**Given records**:
==============================

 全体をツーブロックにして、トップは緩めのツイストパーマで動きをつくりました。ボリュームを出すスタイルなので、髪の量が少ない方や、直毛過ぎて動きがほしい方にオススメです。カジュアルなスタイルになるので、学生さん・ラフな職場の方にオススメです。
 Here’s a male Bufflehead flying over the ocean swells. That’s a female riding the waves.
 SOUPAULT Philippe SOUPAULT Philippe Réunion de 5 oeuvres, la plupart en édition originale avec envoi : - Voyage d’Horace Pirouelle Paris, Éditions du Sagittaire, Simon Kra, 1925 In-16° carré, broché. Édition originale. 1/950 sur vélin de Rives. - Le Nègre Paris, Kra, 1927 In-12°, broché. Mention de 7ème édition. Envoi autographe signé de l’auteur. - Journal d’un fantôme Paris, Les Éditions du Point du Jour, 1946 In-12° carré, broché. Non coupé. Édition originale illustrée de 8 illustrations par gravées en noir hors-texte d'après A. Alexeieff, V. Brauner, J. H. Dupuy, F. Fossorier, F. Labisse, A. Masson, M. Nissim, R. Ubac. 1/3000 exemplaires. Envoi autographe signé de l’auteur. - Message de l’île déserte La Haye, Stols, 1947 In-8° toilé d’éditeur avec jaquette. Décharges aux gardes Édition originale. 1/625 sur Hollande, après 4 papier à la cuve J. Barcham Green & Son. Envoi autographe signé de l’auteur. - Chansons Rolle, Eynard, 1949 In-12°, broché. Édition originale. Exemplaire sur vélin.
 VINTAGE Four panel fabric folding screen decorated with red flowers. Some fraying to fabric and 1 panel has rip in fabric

==============================

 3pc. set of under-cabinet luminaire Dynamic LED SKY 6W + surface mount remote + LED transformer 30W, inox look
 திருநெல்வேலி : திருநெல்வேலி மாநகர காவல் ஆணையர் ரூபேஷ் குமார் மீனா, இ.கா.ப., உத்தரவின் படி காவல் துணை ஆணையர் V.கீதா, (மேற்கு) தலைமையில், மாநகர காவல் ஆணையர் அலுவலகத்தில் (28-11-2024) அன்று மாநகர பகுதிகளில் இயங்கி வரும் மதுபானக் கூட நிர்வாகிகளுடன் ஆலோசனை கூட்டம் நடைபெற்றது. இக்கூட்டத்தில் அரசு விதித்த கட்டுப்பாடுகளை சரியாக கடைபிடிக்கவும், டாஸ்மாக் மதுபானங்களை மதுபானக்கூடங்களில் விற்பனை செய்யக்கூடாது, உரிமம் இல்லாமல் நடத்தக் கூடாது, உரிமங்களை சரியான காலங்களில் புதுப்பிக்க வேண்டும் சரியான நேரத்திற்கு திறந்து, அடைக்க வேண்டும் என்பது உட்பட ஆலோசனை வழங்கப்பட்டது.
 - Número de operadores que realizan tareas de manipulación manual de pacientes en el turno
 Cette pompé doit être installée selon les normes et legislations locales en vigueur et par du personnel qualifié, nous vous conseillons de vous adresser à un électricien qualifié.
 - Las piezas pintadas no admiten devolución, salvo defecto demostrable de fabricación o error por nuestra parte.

==============================

**Task directions**:
Within the material above, copy exactly the lines from the line that holds "3pc. set of" up to and including the line that holds "- Las piezas".

**Finished exercise**:
 3pc. set of under-cabinet luminaire Dynamic LED SKY 6W + surface mount remote + LED transformer 30W, inox look
 திருநெல்வேலி : திருநெல்வேலி மாநகர காவல் ஆணையர் ரூபேஷ் குமார் மீனா, இ.கா.ப., உத்தரவின் படி காவல் துணை ஆணையர் V.கீதா, (மேற்கு) தலைமையில், மாநகர காவல் ஆணையர் அலுவலகத்தில் (28-11-2024) அன்று மாநகர பகுதிகளில் இயங்கி வரும் மதுபானக் கூட நிர்வாகிகளுடன் ஆலோசனை கூட்டம் நடைபெற்றது. இக்கூட்டத்தில் அரசு விதித்த கட்டுப்பாடுகளை சரியாக கடைபிடிக்கவும், டாஸ்மாக் மதுபானங்களை மதுபானக்கூடங்களில் விற்பனை செய்யக்கூடாது, உரிமம் இல்லாமல் நடத்தக் கூடாது, உரிமங்களை சரியான காலங்களில் புதுப்பிக்க வேண்டும் சரியான நேரத்திற்கு திறந்து, அடைக்க வேண்டும் என்பது உட்பட ஆலோசனை வழங்கப்பட்டது.
 - Número de operadores que realizan tareas de manipulación manual de pacientes en el turno
 Cette pompé doit être installée selon les normes et legislations locales en vigueur et par du personnel qualifié, nous vous conseillons de vous adresser à un électricien qualifié.
 - Las piezas pintadas no admiten devolución, salvo defecto demostrable de fabricación o error por nuestra parte.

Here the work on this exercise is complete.